May 30th, 2008 at 7:59 am
I don’t suppose anyone recorded the lecture? I’d love to hear it. (Or maybe a slide deck or similar?) I appreciate that there may well be reasons why that’s not possible but it would be great if it existed.
June 5th, 2008 at 10:32 am
[…] Lessons on recommendation systems find ways to collect as much user input as possible without being disruptive. People don’t train systems, they try to benefit themselves, but this is the best kind of training data (tags: recommendation) […]
June 9th, 2008 at 2:02 pm
Toby, the http://weigend.com/teaching/stanford/ URL is broken.

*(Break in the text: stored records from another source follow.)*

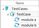 Zuerst werden alle Module gesucht, die den Namen Fahrzeugdaten haben. Der zweite ArrowOperator verweist auf alle referenzierten Objekte (Testschritte, Modulattribute, die ObjectMap, Ordner und Benutzer). Für die Aufgabenstellung relevant sind nur die Testschritte, da diese eindeutig mit den gesuchten Testfällen verknüpft sind. Der Zugriff auf diese übergeordneten Elemente erfolgt über "=>SUPERPART:TestCase".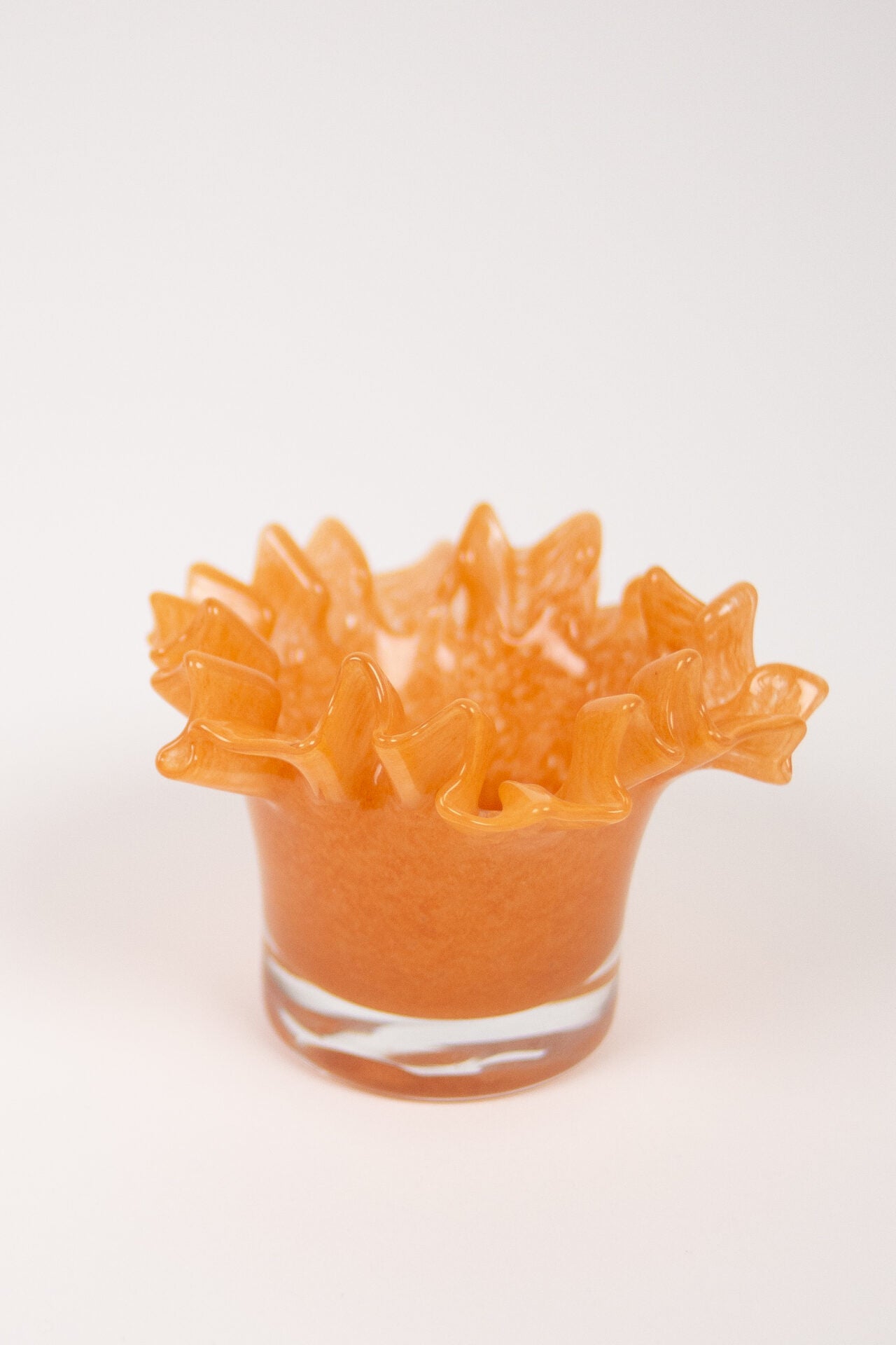En vakker, glad og leken telysholder som samtidig utstråler eleganse. Telysholderen er hndlaget i glass og det kan forekomme variasjoner i farge og form noe som gjør hvert produkt unikt.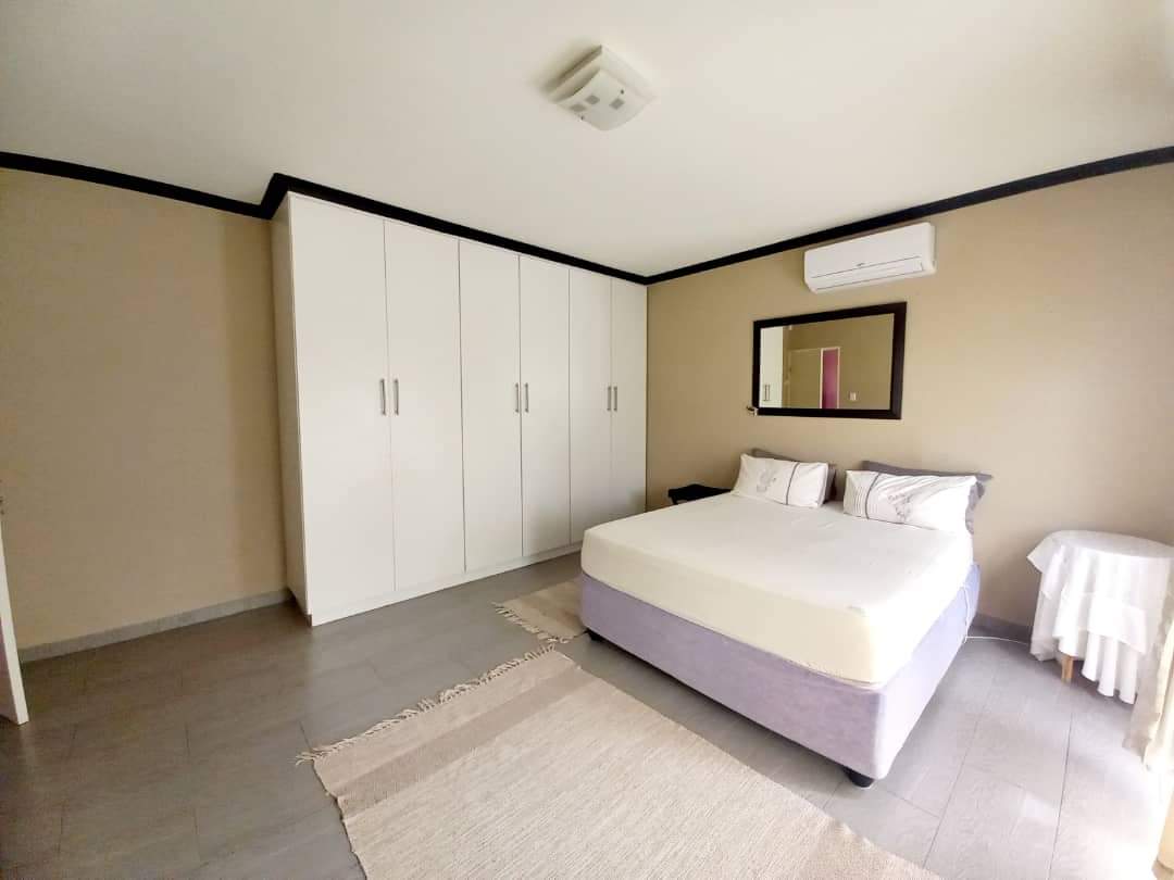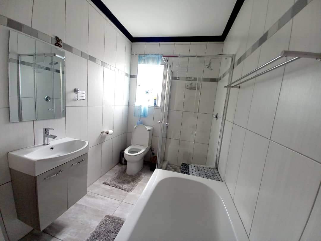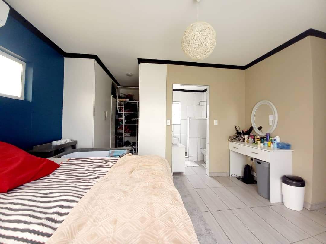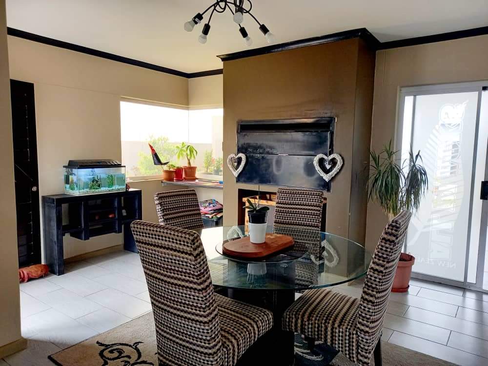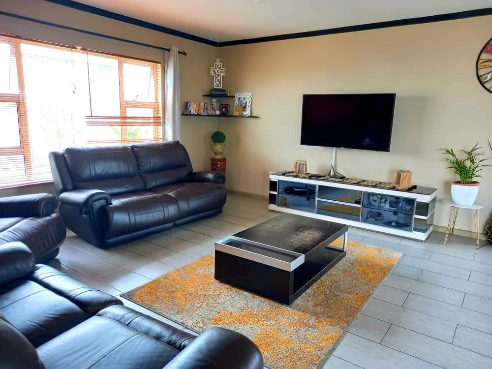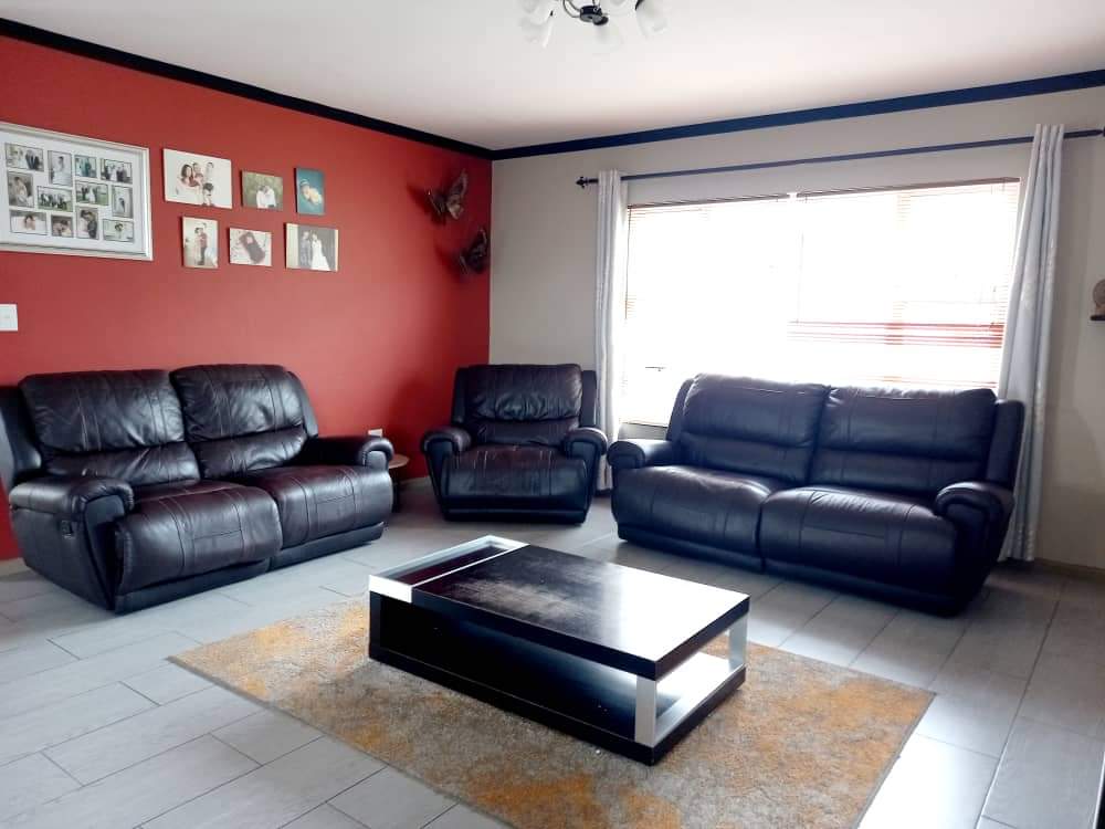 The main house features two generously sized bedrooms and two modern bathrooms, providing ample space. The heart of the home is the large, well-appointed kitchen, complete with built-in cupboards and a separate scullery, ensuring abundant storage and functionality. The inviting lounge area flows effortlessly into an indoor built-in braai space.

I’ll second the query about a recording of the lecture.
June 13th, 2008 at 5:16 am
[…] Did you know that Amazon makes 20-30% of it’s sales through recommendations? This and other valuable lessons on building recommendation systems can be found here. […]
July 13th, 2008 at 10:01 pm
It’s a very good lecture. Anyway, I want to know whether you can recommend any good python clustering api for a recommender system?
Thanks!
November 13th, 2008 at 12:05 pm
“Very few systems now are combining metadata or content with collaborative filtering. The consensus in the class when discussing a music recommendation system was that this could be very effective”
Interesting! I’d say that most of the music rec. systems I know of are using any kind of (basic) combination of metadata (e.g. genre) and CF. Also, there are some work that combines audio content-based similarity, plus social behavior (either CF or social tagging).
Actually, there are some examples in the Music Recommendation Tutorial (ISMIR 2007) about how one can merge all these data sources:
http://www.slideshare.net/ocelma/music-recommendation-tutorial
Cheers, Oscar
November 6th, 2009 at 5:30 pm
cool pics
November 9th, 2009 at 11:54 pm
How do you implement “recommendation” for B2B side where you dont have that much data or input. Thanks & Best.
February 6th, 2010 at 10:45 pm
I am thinking the same. Occasionally I just do not comprehend how folk can believe you’re incorrect.